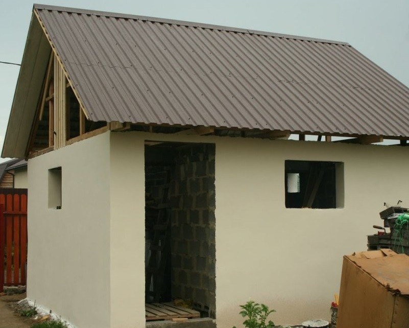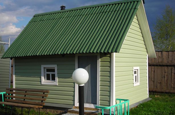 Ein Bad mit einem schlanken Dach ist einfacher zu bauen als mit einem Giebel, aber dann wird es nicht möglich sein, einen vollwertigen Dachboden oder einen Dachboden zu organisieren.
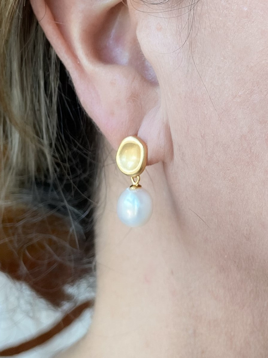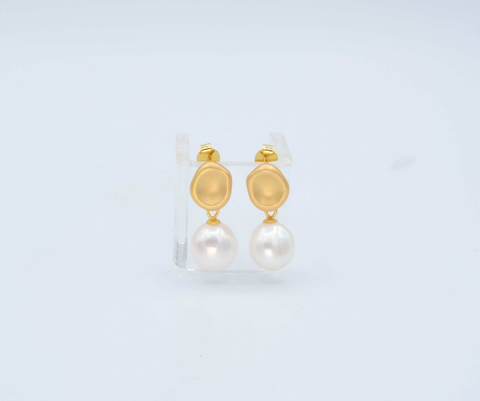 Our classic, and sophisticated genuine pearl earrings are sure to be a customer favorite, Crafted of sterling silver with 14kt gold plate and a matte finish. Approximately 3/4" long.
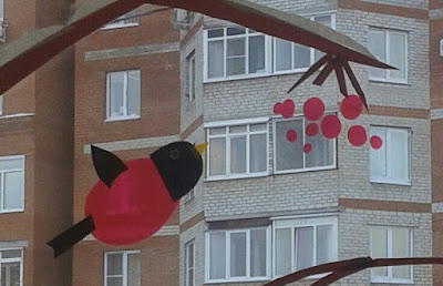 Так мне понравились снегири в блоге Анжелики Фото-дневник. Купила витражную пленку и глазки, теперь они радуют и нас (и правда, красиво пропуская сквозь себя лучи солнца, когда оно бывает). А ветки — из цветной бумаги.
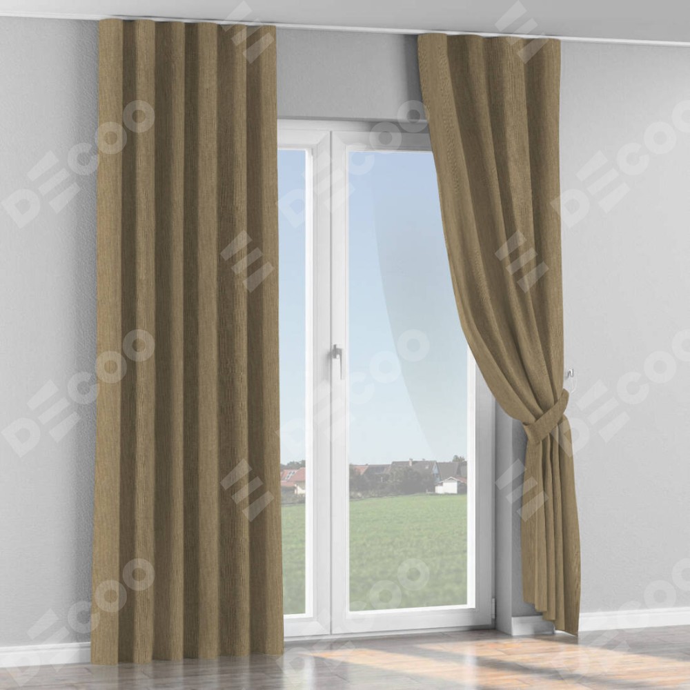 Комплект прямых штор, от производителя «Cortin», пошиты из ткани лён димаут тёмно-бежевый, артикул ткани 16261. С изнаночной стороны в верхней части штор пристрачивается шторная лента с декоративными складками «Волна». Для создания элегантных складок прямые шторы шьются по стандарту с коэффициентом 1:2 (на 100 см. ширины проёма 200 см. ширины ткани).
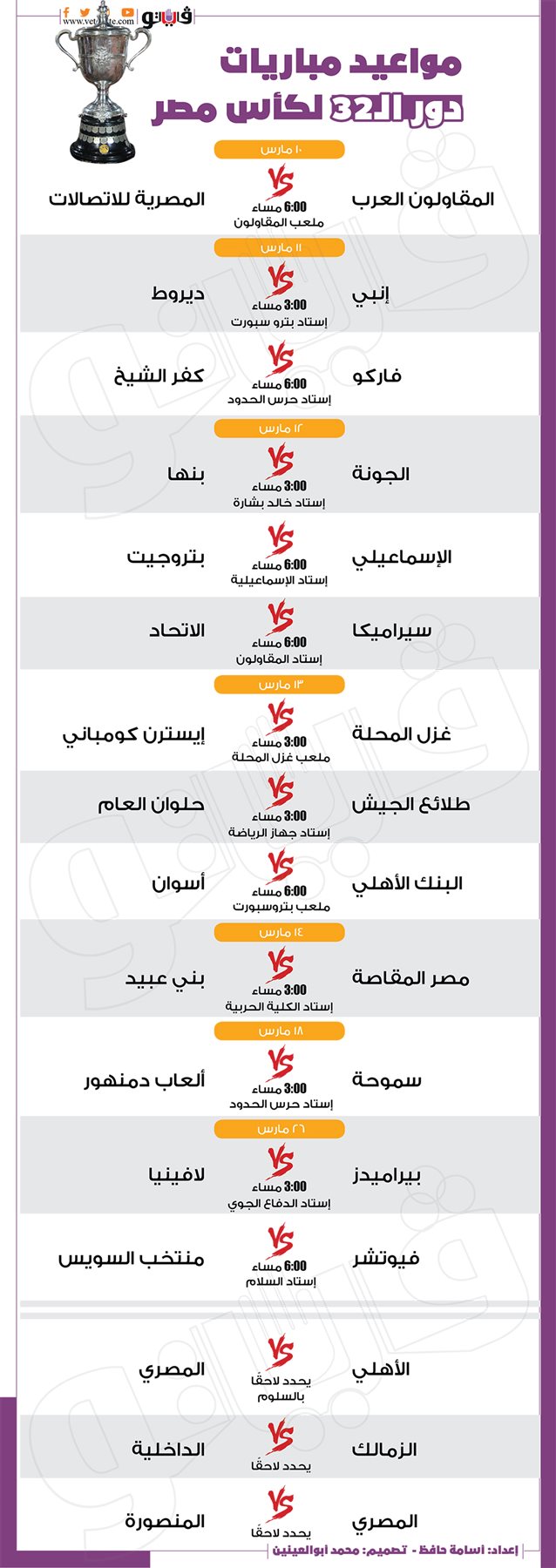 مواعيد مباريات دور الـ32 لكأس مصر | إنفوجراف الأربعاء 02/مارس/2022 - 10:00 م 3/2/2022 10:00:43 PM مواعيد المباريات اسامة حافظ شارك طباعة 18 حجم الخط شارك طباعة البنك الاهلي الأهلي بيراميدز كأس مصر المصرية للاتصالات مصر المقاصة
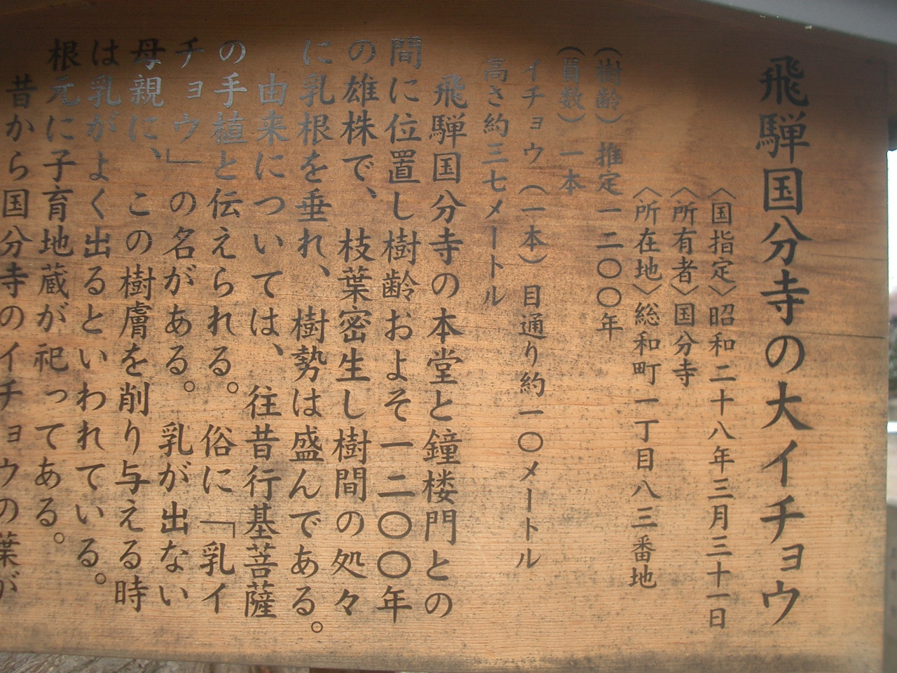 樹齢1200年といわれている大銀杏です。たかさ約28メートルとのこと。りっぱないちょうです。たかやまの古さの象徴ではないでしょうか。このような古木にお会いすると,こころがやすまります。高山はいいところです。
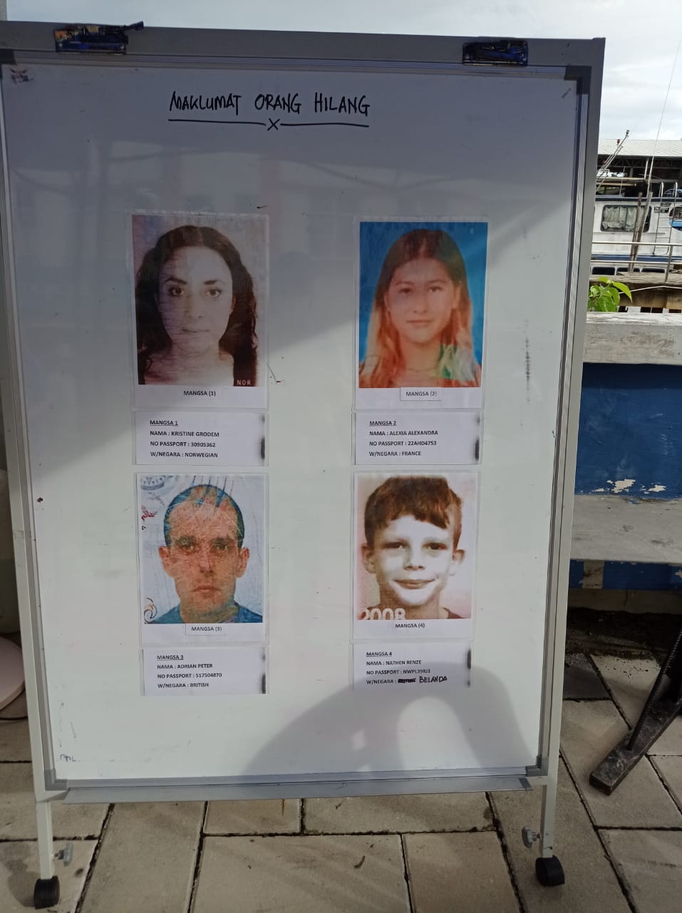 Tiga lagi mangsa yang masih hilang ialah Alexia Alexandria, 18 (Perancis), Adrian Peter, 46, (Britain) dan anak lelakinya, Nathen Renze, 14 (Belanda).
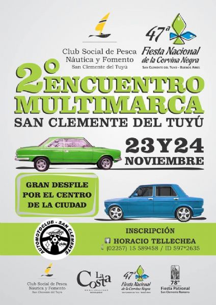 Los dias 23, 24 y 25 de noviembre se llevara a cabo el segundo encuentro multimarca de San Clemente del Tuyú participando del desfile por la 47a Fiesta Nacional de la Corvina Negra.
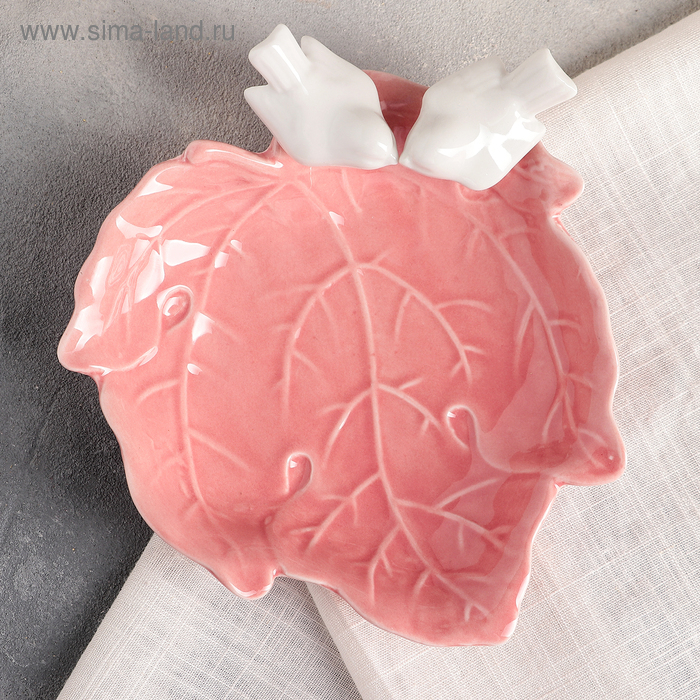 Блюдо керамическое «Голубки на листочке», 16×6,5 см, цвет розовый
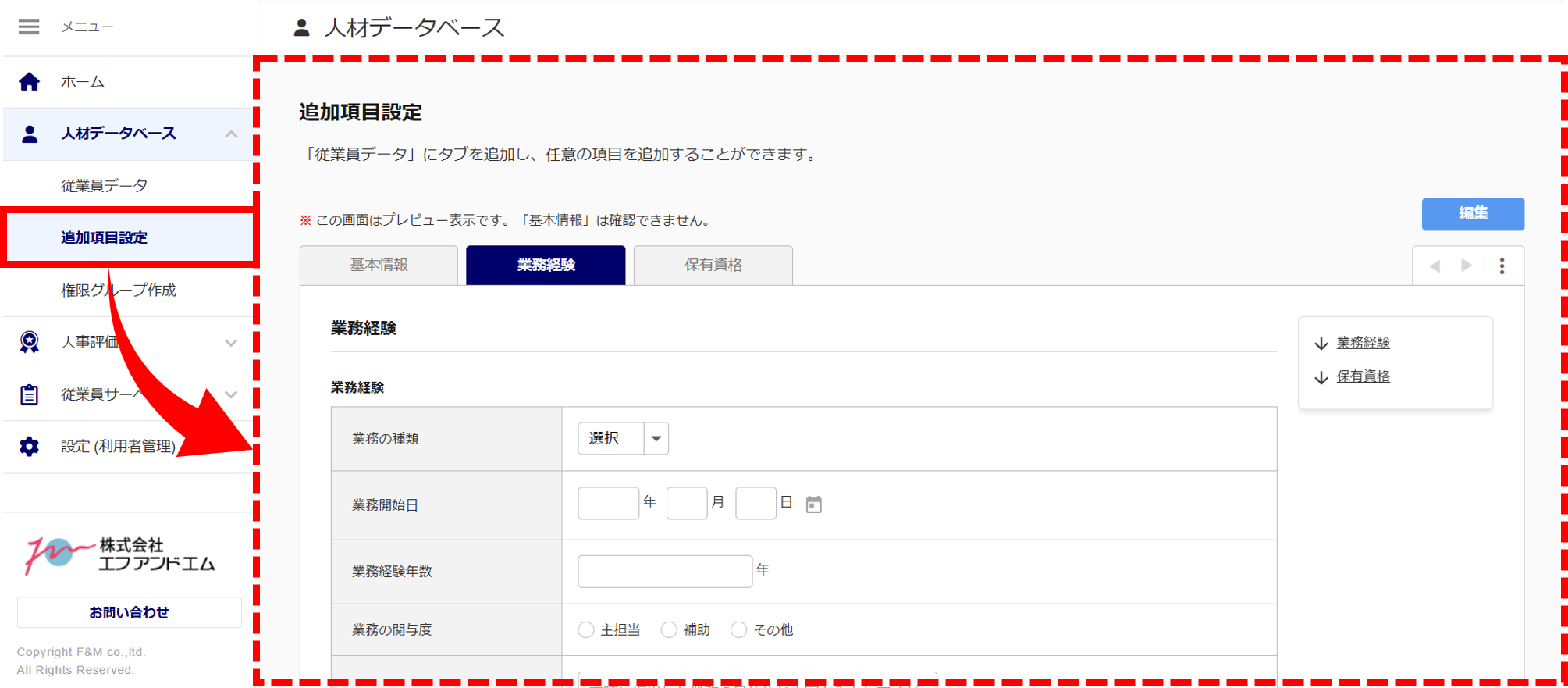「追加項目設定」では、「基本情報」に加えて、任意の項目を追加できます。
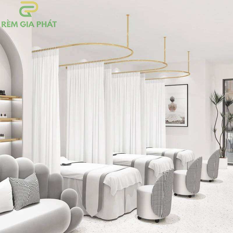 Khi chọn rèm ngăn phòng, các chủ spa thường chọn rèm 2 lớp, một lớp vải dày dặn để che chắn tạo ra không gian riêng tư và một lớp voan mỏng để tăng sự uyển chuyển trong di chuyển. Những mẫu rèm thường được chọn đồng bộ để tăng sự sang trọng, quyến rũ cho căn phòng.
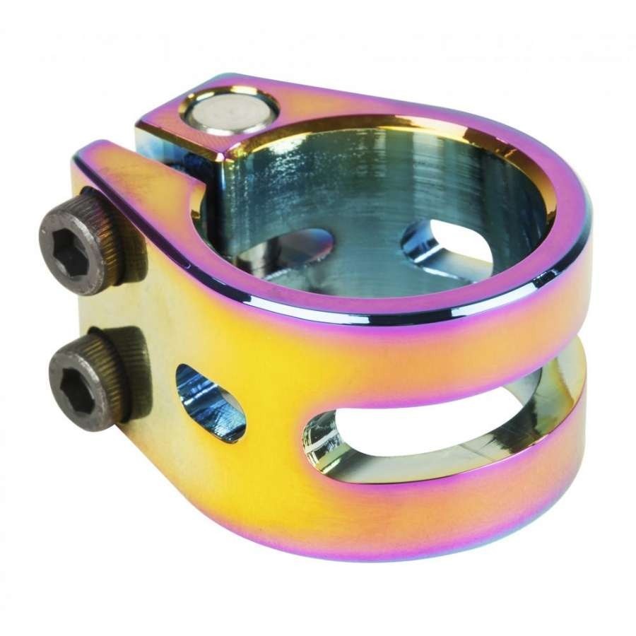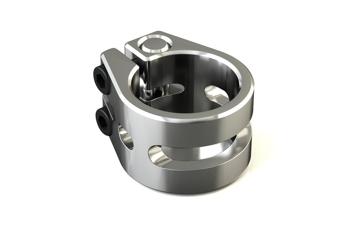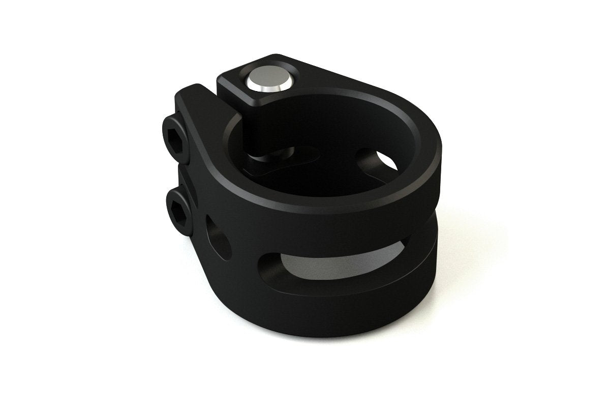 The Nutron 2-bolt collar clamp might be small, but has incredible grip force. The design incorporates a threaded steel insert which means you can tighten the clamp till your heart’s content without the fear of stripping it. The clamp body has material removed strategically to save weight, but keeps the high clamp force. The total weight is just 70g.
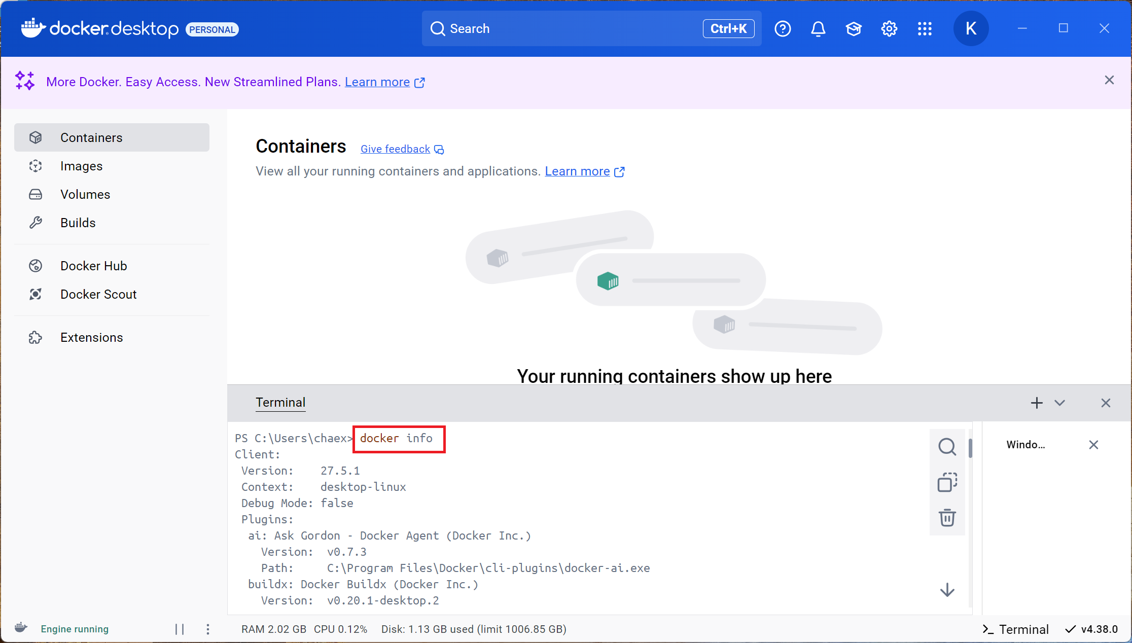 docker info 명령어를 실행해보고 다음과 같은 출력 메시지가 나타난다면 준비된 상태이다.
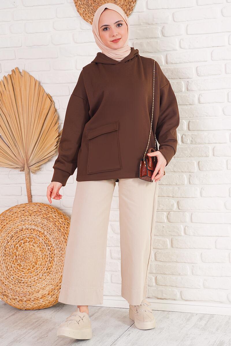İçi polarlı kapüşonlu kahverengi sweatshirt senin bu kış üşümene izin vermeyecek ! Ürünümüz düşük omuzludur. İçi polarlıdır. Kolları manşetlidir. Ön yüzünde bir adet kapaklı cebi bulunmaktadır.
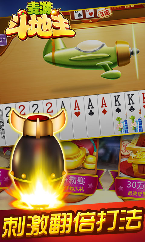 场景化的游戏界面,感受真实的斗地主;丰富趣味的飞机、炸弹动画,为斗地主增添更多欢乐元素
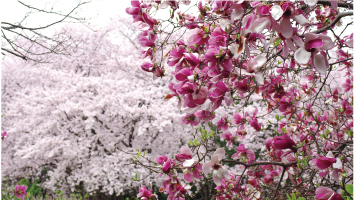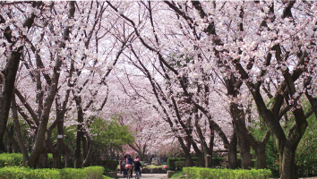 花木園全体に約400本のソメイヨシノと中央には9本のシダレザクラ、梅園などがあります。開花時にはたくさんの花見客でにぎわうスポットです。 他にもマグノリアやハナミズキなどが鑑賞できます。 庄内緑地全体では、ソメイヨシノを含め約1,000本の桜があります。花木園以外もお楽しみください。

==============================

◆ **Task details**:
Retype all entries exactly; omit pictures.

◆ **Answer space**:
 Ein Bad mit einem schlanken Dach ist einfacher zu bauen als mit einem Giebel, aber dann wird es nicht möglich sein, einen vollwertigen Dachboden oder einen Dachboden zu organisieren.
 Our classic, and sophisticated genuine pearl earrings are sure to be a customer favorite, Crafted of sterling silver with 14kt gold plate and a matte finish. Approximately 3/4" long.
 Так мне понравились снегири в блоге Анжелики Фото-дневник. Купила витражную пленку и глазки, теперь они радуют и нас (и правда, красиво пропуская сквозь себя лучи солнца, когда оно бывает). А ветки — из цветной бумаги.
 Комплект прямых штор, от производителя «Cortin», пошиты из ткани лён димаут тёмно-бежевый, артикул ткани 16261. С изнаночной стороны в верхней части штор пристрачивается шторная лента с декоративными складками «Волна». Для создания элегантных складок прямые шторы шьются по стандарту с коэффициентом 1:2 (на 100 см. ширины проёма 200 см. ширины ткани).
 مواعيد مباريات دور الـ32 لكأس مصر | إنفوجراف الأربعاء 02/مارس/2022 - 10:00 م 3/2/2022 10:00:43 PM مواعيد المباريات اسامة حافظ شارك طباعة 18 حجم الخط شارك طباعة البنك الاهلي الأهلي بيراميدز كأس مصر المصرية للاتصالات مصر المقاصة
 樹齢1200年といわれている大銀杏です。たかさ約28メートルとのこと。りっぱないちょうです。たかやまの古さの象徴ではないでしょうか。このような古木にお会いすると,こころがやすまります。高山はいいところです。
 Tiga lagi mangsa yang masih hilang ialah Alexia Alexandria, 18 (Perancis), Adrian Peter, 46, (Britain) dan anak lelakinya, Nathen Renze, 14 (Belanda).
 Los dias 23, 24 y 25 de noviembre se llevara a cabo el segundo encuentro multimarca de San Clemente del Tuyú participando del desfile por la 47a Fiesta Nacional de la Corvina Negra.
 Блюдо керамическое «Голубки на листочке», 16×6,5 см, цвет розовый
「追加項目設定」では、「基本情報」に加えて、任意の項目を追加できます。
 Khi chọn rèm ngăn phòng, các chủ spa thường chọn rèm 2 lớp, một lớp vải dày dặn để che chắn tạo ra không gian riêng tư và một lớp voan mỏng để tăng sự uyển chuyển trong di chuyển. Những mẫu rèm thường được chọn đồng bộ để tăng sự sang trọng, quyến rũ cho căn phòng.
 The Nutron 2-bolt collar clamp might be small, but has incredible grip force. The design incorporates a threaded steel insert which means you can tighten the clamp till your heart’s content without the fear of stripping it. The clamp body has material removed strategically to save weight, but keeps the high clamp force. The total weight is just 70g.
 docker info 명령어를 실행해보고 다음과 같은 출력 메시지가 나타난다면 준비된 상태이다.
İçi polarlı kapüşonlu kahverengi sweatshirt senin bu kış üşümene izin vermeyecek ! Ürünümüz düşük omuzludur. İçi polarlıdır. Kolları manşetlidir. Ön yüzünde bir adet kapaklı cebi bulunmaktadır.
 场景化的游戏界面,感受真实的斗地主;丰富趣味的飞机、炸弹动画,为斗地主增添更多欢乐元素
 花木園全体に約400本のソメイヨシノと中央には9本のシダレザクラ、梅園などがあります。開花時にはたくさんの花見客でにぎわうスポットです。 他にもマグノリアやハナミズキなどが鑑賞できます。 庄内緑地全体では、ソメイヨシノを含め約1,000本の桜があります。花木園以外もお楽しみください。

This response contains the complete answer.